A wellhead assembly 220 is disposed above wellbore 204. In the illustrated example, wellhead assembly 220 includes a stack of blowout preventers (an annular preventer 222, a blind ram preventer 224, and a pipe ram preventer 226 (one or more) and/or a shear ram preventer) and a bell nipple 228 attached to the top of the stack of blowout preventers—the exact configuration of the stack of blowout preventers are merely for illustrative purposes. Bell nipple 228 is a large diameter pipe with a side outlet 232.
The components of wellhead assembly 220 have bores that are aligned with wellbore 204, which allows drill string 200 to extend through wellhead assembly 220 into wellbore 204. A well annulus 236 is formed between drill string 200 and wellbore 204. In general, the wellbore may have inside it a first pipe component with a pipe external diameter smaller than a wellbore internal diameter of the wellbore thereby forming an annular space between the pipe external diameter and the wellbore internal diameter. A well system may include additional pipes deployed substantially concentrically within each other. For example, a second pipe component with a second external diameter that is smaller than the first internal diameter of the first pipe component may be installed inside the first pipe component. The difference between the first internal diameter of the first pipe component and the second external diameter of the second pipe component is another example of an annular space or annular region.

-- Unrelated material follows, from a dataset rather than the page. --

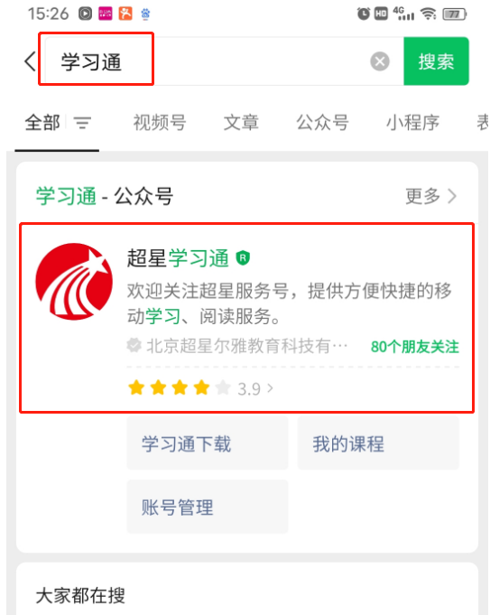 1、在微信中搜索“学习通”公众号,点����� �������Ƴ������������ �������Ƴ������������ �������Ƴ������������ �������Ƴ�������击“超星学习通”微信公众号并����� �������Ƴ������������ �������Ƴ������������ �������Ƴ������������ �������Ƴ�������进行关注。

A surface annulus 240 is formed between drill string 200 and wellhead assembly 220. Surface annulus 240 is in communication with well annulus 236. As a result, fluid (e.g., a drilling mud 704) in the well annulus 236 can rise up into surface annulus 240 and exit through side outlet 232 of bell nipple 228. A flow conduit with a side outlet for exit of fluid from surface annulus 240 may be at other positions in wellhead assembly 220, such as above the pipe ram preventer 226.
For the illustration shown in
During drilling, mud (e.g., the drilling mud 704) is pumped down drill string 200. The mud exits through nozzles in drill bit 212 into the bottom of wellbore 204 and then rises up well annulus 236. The hydrostatic pressure of the mud column in well annulus 236 needs to be controlled to prevent the well from kicking, either during drilling or when pulling a drill string out of the well. A well kick is forced fluid flow from a drilled formation into a wellbore due to the pressure found in the drilled formation being higher than the mud hydrostatic pressure acting on the wellbore. If the kick is not controlled, a blowout may occur.
While drill string 200 is in wellbore 204 such that well annulus 236 exists, the hydrostatic pressure that acts on the wellbore is the hydrostatic pressure of the mud column in well annulus 236. In general, hydrostatic pressure of a column of fluid is the product of the height of the column of fluid and the specific gravity of the fluid. Once a mud weight is selected, well control (control of the well) may generally involve controlling tool operations such as controlling mud circulation flowrate and mud density to maintain a certain level of mud (fluid level) in the well annulus 236. A well control system (e.g., well control system 700) may be used to control tool operations to manage the drilling operation and for control of the well. The well control system may be on the well surface (e.g., a well surface 702) and may be in communication with a level detection control system.
Floating device 104, or any variants thereof previously described, is deployed in the well annulus 236. Floating device 104 may be deployed in the well annulus 236 by simply dropping floating device 104 into well annulus 236 from the surface (e.g., well surface 702). The floating device 104 may contact the top of the drilling mud column and float on a top surface of the fluid (e.g., the top surface 706 of the drilling mud 704). The top surface 706 may be a mud cap surface of interest. The floating device may be configured for single-use. The floating device may be configured to remain in the annulus after the well drilling operation has completed and/or after the well cementing operation has been completed.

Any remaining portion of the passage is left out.